Minister of Foreign Affairs
- In office 17 October 2014 – 26 October 2017
- Prime Minister: Mark Rutte
- Preceded by: Frans Timmermans
- Succeeded by: Halbe Zijlstra

Special Representative for the United Nations in Mali
- In office 1 July 2013 – 17 October 2014
- Secretary-General: Ban Ki-moon
- Preceded by: Position established
- Succeeded by: Mongi Hamdi

Special Representative for the United Nations in Côte d'Ivoire
- In office 1 August 2011 – 1 July 2013
- Secretary-General: Ban Ki-moon
- Preceded by: Choi Young-jin
- Succeeded by: Aïchatou Mindaoudou

Minister for Development Cooperation
- In office 22 February 2007 – 23 February 2010
- Prime Minister: Jan Peter Balkenende
- Preceded by: Agnes van Ardenne
- Succeeded by: Maxime Verhagen

President of the NATO Parliamentary Assembly
- In office 17 November 2006 – 19 February 2007
- Preceded by: Pierre Lellouche
- Succeeded by: José Lello

Member of the House of Representatives
- In office 11 November 1997 – 22 February 2007

Personal details
- Born: Albert Gerard Koenders 28 May 1958 (age 67) Arnhem, Netherlands
- Party: Labour Party
- Education: Vrije Universiteit Amsterdam (BSS) University of Amsterdam (MSS) Johns Hopkins University (MA)

= Bert Koenders =

Dutch politician and diplomat

Albert Gerard Koenders (/nl/; (Note: In isolation, Gerard is pronounced /nl/.) born 28 May 1958) is a Dutch politician of the Labour Party (PvdA) who served as Minister of Foreign Affairs from 2014 to 2017. He is currently a professor at Leiden University and a special envoy of the World Bank. He is also chair of the Dutch Advisory Council on International Affairs, a member of the board of trustees of the International Crisis Group and a commissioner of the International Commission on Missing Persons.

Koenders studied political science at the Vrije Universiteit Amsterdam and the University of Amsterdam, and completed a second master's in international relations at Johns Hopkins University. He was a member of the House of Representatives from 1997 to 2007 and served as Minister for Development Cooperation from 2007 until 2010. He later was the UN Secretary-General's Special Representative and Head of the United Nations Operation in the Ivory Coast (2011–2013), and Special Representative and Head of the United Nations Multidimensional Integrated Stabilization Mission in Mali (2013–2014). Koenders founded the Parliamentary Network on the World Bank/International Monetary Fund and has served as President of the North Atlantic Treaty Organization Parliamentary Assembly and leader of its Socialist Group.

==Biography==
===Early life===
Albert Gerard Koenders was born on 28 May 1958 in Arnhem in Gelderland, where he grew up in a Reformed environment. He was a boy scout.

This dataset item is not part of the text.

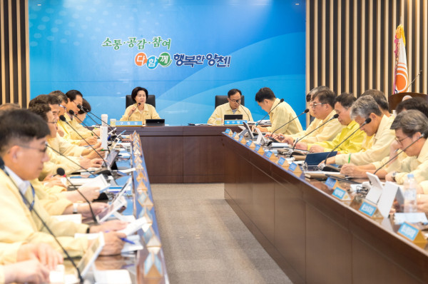 김수영 서울 양천구청장(가운데 왼쪽)이 22일 오전 양천구청 공감기획실에서 19호 태풍 ‘솔릭’ 북상에 따른 사전 점검 및 피해 최소화를 위한 대책회의를 진행하고 있다. 이날 회의에서는 ▲시설물 및 공사장 안전점검 실시 ▲이재민 재해구호 대책 ▲비상대비체계구축 등의 대책을 논의했다. (사진제공=양천구청)

He attended the secondary school Carolus Clusius College in Zwolle, where he completed the pre-university program.

Koenders studied political science at the Free University Amsterdam (sitting his candidates examination in 1978) and political and social sciences (international relations and economics) at the University of Amsterdam (graduating in 1983). He received his Master of Arts degree from Johns Hopkins University, where he studied at the School of Advanced International Studies in Bologna and Washington from 1979 to 1981.

Koenders is not married.

==Politics==
===Early career===
Koenders was adjunct professor at Webster University in Leiden from 1987 to 1993. In 2002 he was visiting professor at Johns Hopkins University in Bologna teaching about conflict prevention and management, and post-conflict reconstruction. Due to his past experience of being a professor, he occasionally participates in lectures about specific aspects of political science at various universities around the Netherlands.

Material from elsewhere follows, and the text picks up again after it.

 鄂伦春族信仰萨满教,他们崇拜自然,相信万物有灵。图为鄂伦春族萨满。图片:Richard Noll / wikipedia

From 1983 to 1993, Koenders worked as an aide for the Labour Party in the House of Representatives. He served as an adviser to the United Nations Operation in Mozambique in the early 1990s, his first job outside the Netherlands. Between 1995 and 1997, he worked in the private office of Hans van den Broek, who was then the Dutch European commissioner and had shared responsibility for foreign policy. During that time, one of his tasks was defining the EU’s competences on foreign policy.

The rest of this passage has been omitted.